Furthermore, we reserve the right, on the basis of our legitimate interests pursuant to Art. 6 para. 1 lit. f. DSGVO, the information of the users for the purpose of spam detection.

These services support the provider in the management of tasks, collaboration and general productivity management. When using such services, User Data is processed and, depending on the processing purpose, possibly stored. These services may be integrated with other third-party services listed in this privacy policy to enable the import and export of the required data.

Calendly (Calendly, LLC)
Calendly is an online appointment booking service offered by Calendly, LLC. Processed personal data: Email; calendar entries; name; phone number. Place of processing: United States - Privacy Policy.

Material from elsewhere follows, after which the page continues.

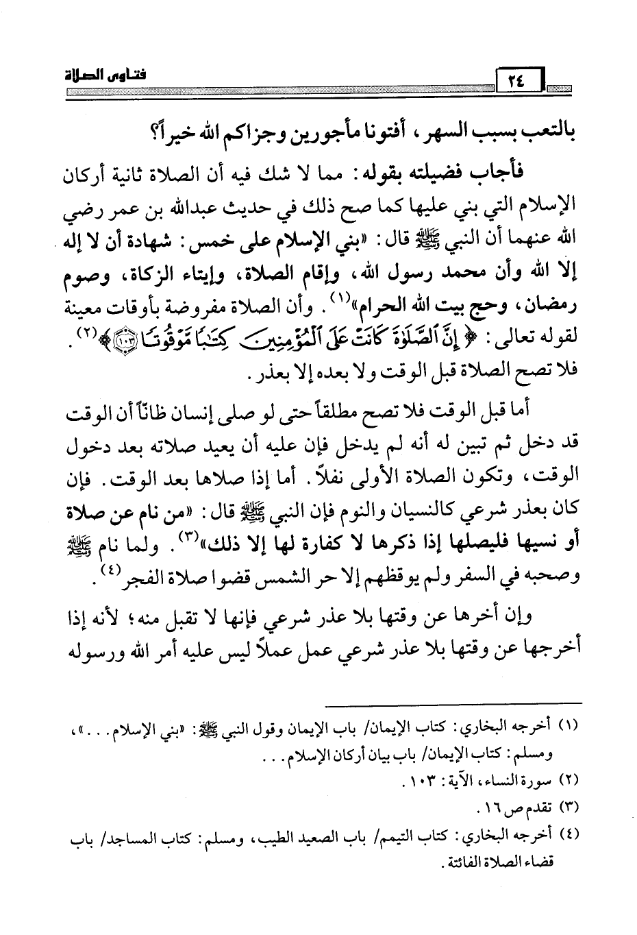 فأجاب فضيلته بقوله: مما لا شك فيه أن الصلاة ثانية أركان الإسلام التي بني عليها كما صح ذلك في حديث عبد الله بن عمر رضي الله عنهما أن النبي صَلَّى اللَّهُ عَلَيْهِ وَسَلَّمَ قال: "بني الإسلام على خمس: شهادة أن لا إله إلا الله وأن محمد رسول الله، وأقام الصلاة، وإيتاء الزكاة، وصوم رمضان، وحج بيت الله الحرام " (¬1) . وأن الصلاة مفروضة بأوقات معينة لقوله تعالى: (إِنَّ الصَّلاةَ كَانَتْ عَلَى الْمُؤْمِنِينَ كِتَاباً مَوْقُوتاً) (¬2) فلا تصح الصلاة قبل الوقت ولا بعده إلا بعذر.
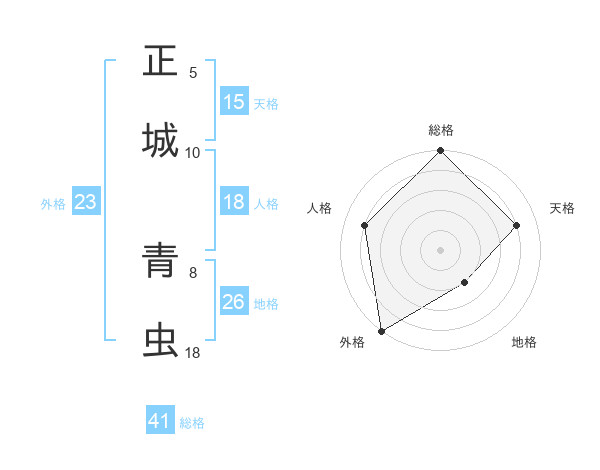 正城 青虫さんの外格は23画の5点!

Hosting und E-Mail-Versand

We host the content of our website with the following provider:

Hetzner

The provider is Hetzner Online GmbH, Industriestr. 25, 91710 Gunzenhausen (hereinafter referred to as Hetzner). Details can be found in Hetzner's privacy policy: https://www.hetzner.com/de/rechtliches/datenschutz. Hetzner is used on the basis of Art. 6 para. 1 lit. f GDPR. We have a legitimate interest in ensuring that our website is displayed as reliably as possible. If a corresponding consent has been requested, the processing is carried out exclusively on the basis of Art. 6 para. 1 lit. a GDPR and § 25 para. 1 TTDSG, insofar as the consent includes the storage of cookies or access to information in the user's terminal device (e.g. device fingerprinting) within the meaning of the TTDSG. Consent can be revoked at any time.

Order processing
We have concluded a data processing agreement (DPA) for the use of the above-mentioned service. This is a contract prescribed by data protection law, which ensures that it processes the personal data of our website visitors only in accordance with our instructions and in compliance with the GDPR.

E-Mails
Uberspace is used for sending e-mails. With the provider concluded an order processing contract with the provider.

The hosting services used by us serve to provision of the following services: Storage space and database services, e-mail dispatch, security services and technical maintenance services maintenance services that we use for the purpose of operating this online online offer.

In doing so, we or our hosting provider process inventory data, contact data, content data, contract data, usage data, meta and communication data communication data of customers, interested parties and visitors to this online online offer on the basis of our legitimate interests in an efficient and secure provision of this online service pursuant to Art. 6 para. 1 lit. f GDPR in conjunction with. Art. 28 GDPR (conclusion of order processing contract).

Collection of access data and log files

The provider of the pages automatically collects and stores information in so-called server log files, which your browser automatically transmits to us. These are

  • Browser type and browser version
  • Operating system used
  • Referrer URL
  • Host name of the accessing computer
  • Time of the server request
  • IP address

This data is not merged with other data sources. This data is collected on the basis of Art. 6 para. 1 lit. f GDPR. The website operator has a legitimate interest in the technically error-free presentation and optimization of its website - for this purpose, the server log files must be recorded.